1.877.833.1202

Making the FileHold Server Internet Accessible

FileHold has been designed to work inside and outside of private networks. It is common for customers to share documents with users on the internet.

VERY IMPORTANT: There are risks to exposing your systems and documents on the internet. FileHold has been built with security best practices in mind, but we have no way to ensure our customers are completely safe on the internet. We recommend that you engage IT consultants with the appropriate skills and credentials necessary to safely expose your systems and documents to the internet. The information we share in our knowledgebase and documentation is provided for our customers' convenience to assist their IT professionals. We are unable to guarantee its suitability for any specific purpose beyond this information exchange. FileHold Systems Inc. is a software product provider. We do not provide internet security services.

Typical Options to Make FileHold Internet Accessible

There are a variety of methods to access the document management software remotely. Direct access, VPN tunnels, Windows Terminal Services, Windows Remote Desktop Services and Citrix XenApp are some of the most popular methods of secure remote access. The following are a few methods used by customers and resellers listed from most common to least common:

  • Windows Terminal Services / Remote Desktop Services: The desktop client, Microsoft Office, WebClient, etc. are all configured on the Terminal Server. Note that the FileHold server must be installed on a server that is different than the terminal server.

     

  • Citrix XenApp: This technology is very similar to Microsoft Terminal Services.

     

  • 2X Application Server: Various customers use this solution from 2X to deliver applications remotely.

     

  • Virtual Private Network (VPN) Access: This is very common and there are countless VPN solutions to use. A VPN solution allows remote users to access your private network from remote locations as though they were not remote.

     

  • Other Secure Remote Access Products: There are too many to list.

     

  • Secure HTTPS access to the Server: This makes your FileHold server accessible over the internet without the need for any special technology on the client computer. In addition to supporting browser access to our web client users may optionally install our desktop client. There are security risks to publicly exposing any server on the Internet.

     

External Secure HTTPS Access to FileHold on the Public Internet

IMPORTANT: These steps are offered as information only and intended to be interpreted by expert IT personnel. Qualified personnel should have a background in internet security, a strong knowledge of the Windows Server version your FileHold is installed on, and in publicly Hosting Windows servers. FileHold Systems Inc. does not offer these services.
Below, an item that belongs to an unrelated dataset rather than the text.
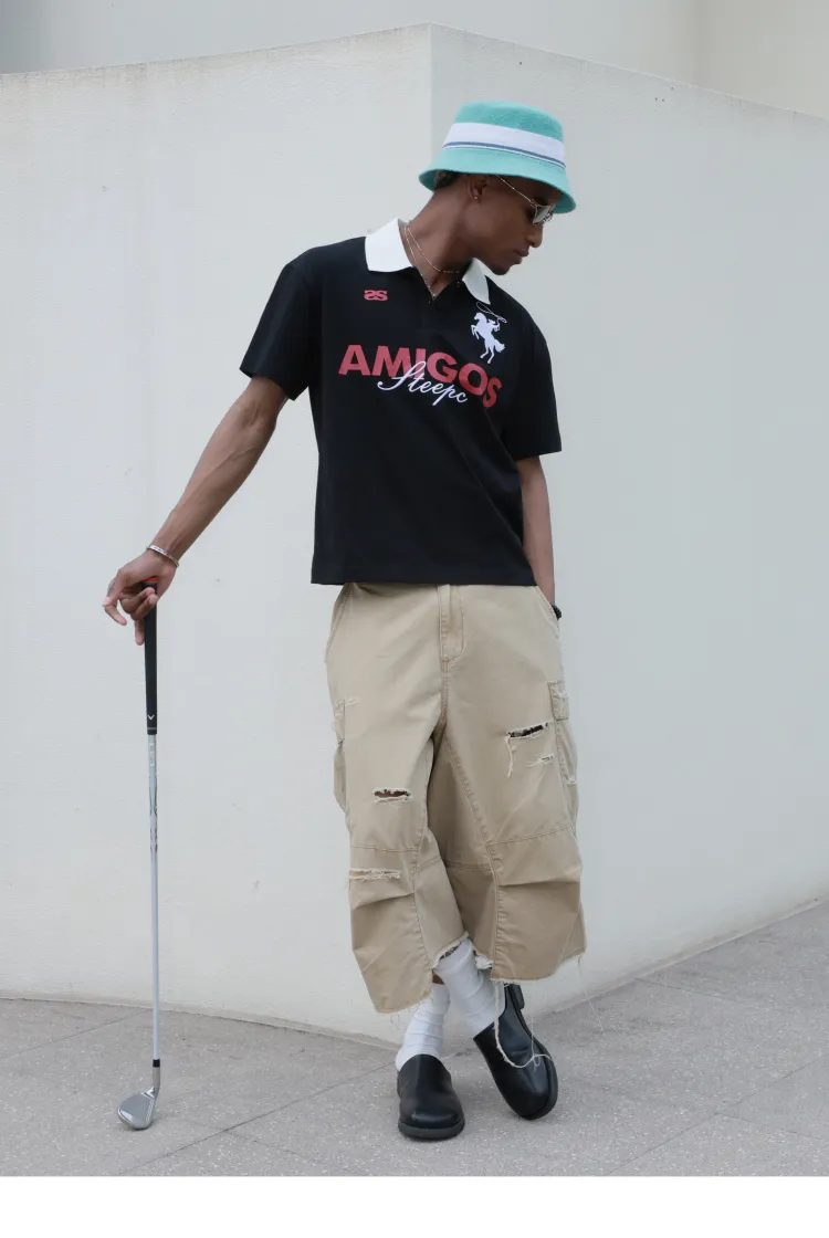 STEEPC 블랙 남녀공용 폴로 셔츠 - POIZON
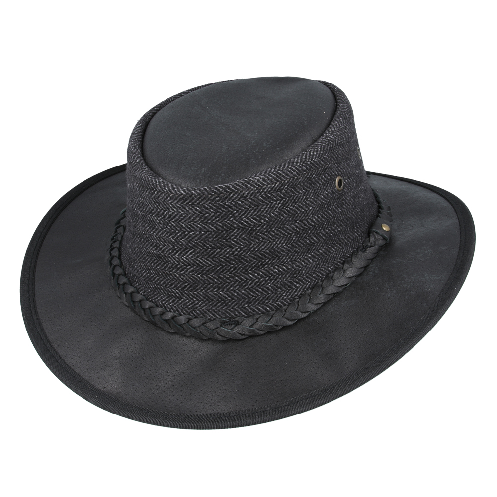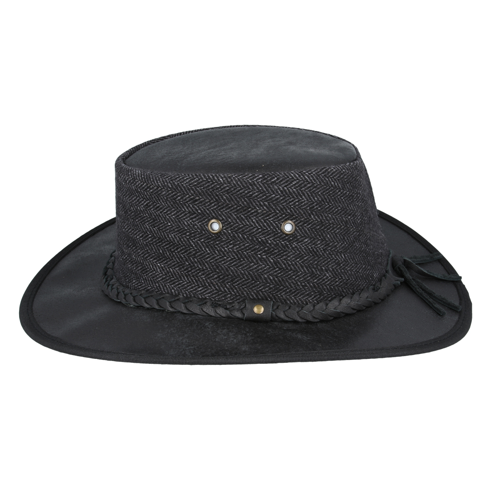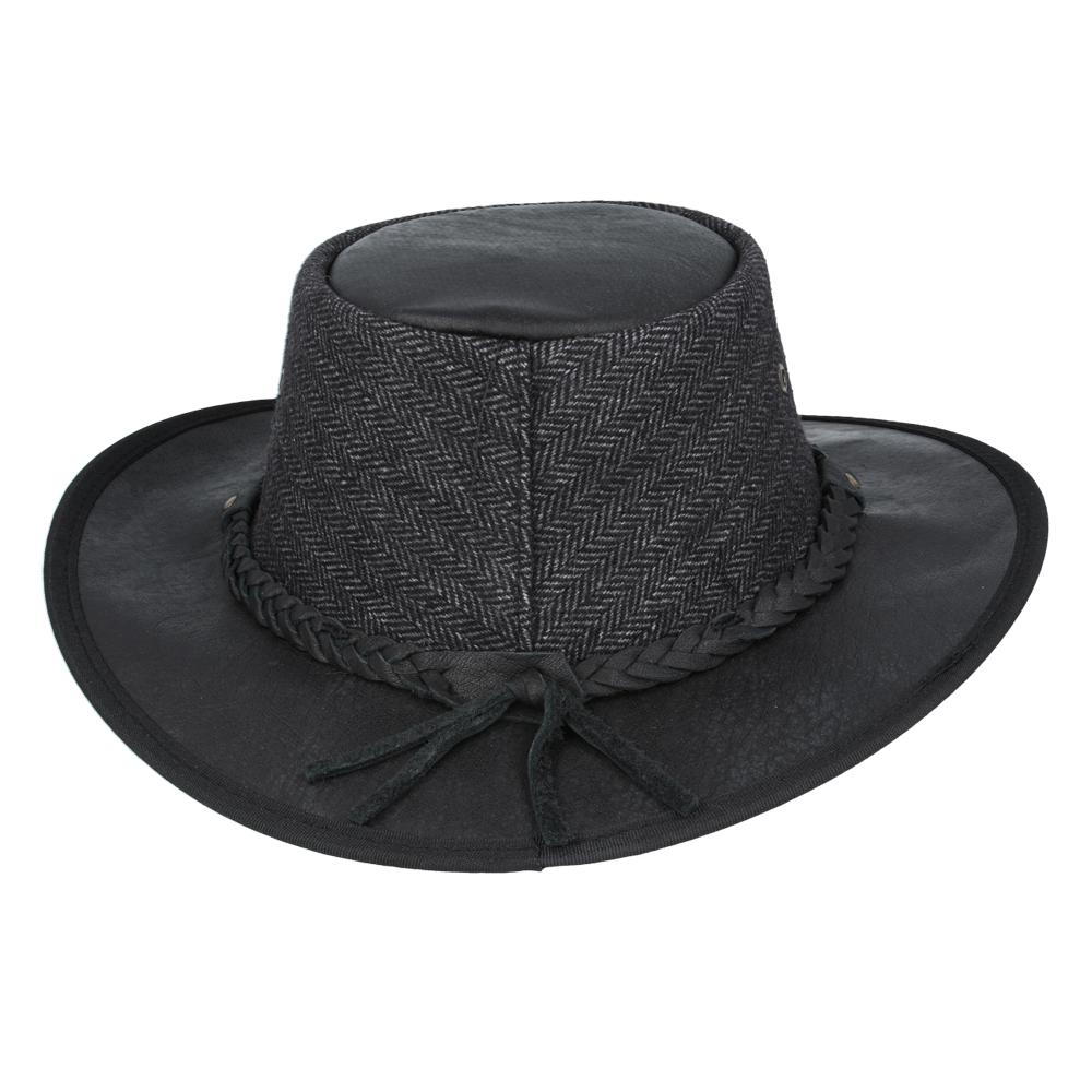 Gladwin Bond Genuine Leather Herringbone Western Outback Aussie Cowboy Hat – Black

FileHold is a web server based application and it needs to be secured properly when used on the public internet. It will operate well through a variety of correctly configured firewalls including reverse proxies. Your remote users can use the web client, mobile web client, desktop client, or a custom client to access FileHold. All communication with the FileHold server is using the HTTP or HTTPS protocol regardless of which client is used. Starting with FileHold version 14.1 you can configure multiple web client servers as needed.

Here are some of the things you should do to secure the system:

  1. Obtain a strong firewall to protect the FileHold server system.

     

  2. Create an easy to remember name for your server on the internet such as filehold.example.com and map it to the public IP address managed by your firewall. This name will need to be registered with your DNS service provider. The sub-domain filehold is used for this example, but this can be any value that fits your IT environment. It should match the name given to your FileHold server.

     

  3. Port forward Port 80 (HTTP) or Port 443 (HTTPS) in the firewall for all requests from the public IP address to the internal IP address of the FileHold server.

     

  4. Generate an SSL certificate for your domain name such as filehold.example.com and install it on IIS. We recommend using a commercial certificate provider to assure your external users that they are accessing your true FileHold server. An example of installing the SSL certificate is available in Installing SSL on the FileHold Server for Windows 2008 x64 IIS 7 guide.

     

  5. If you are using the secure HTTPS protocol you should run the FileHold Server based FHInstrumentation tool to automatically change all web.config files to enable HTTPS. Restart IIS as stated in the Installing SSL on the FileHold Server for Windows 2008 x64 IIS 7 guide.

     

  6. An IT security expert should perform regular vulnerability tests on your public IP address to identify potential security flaws and apply any recommended hardening practices to your network, Windows and IIS servers.

Configuration examples

A large number of configurations are possible to enable internet access for FileHold. Two examples are shown below. The application can be hosted with on or off premise hardware, a private, or a public cloud.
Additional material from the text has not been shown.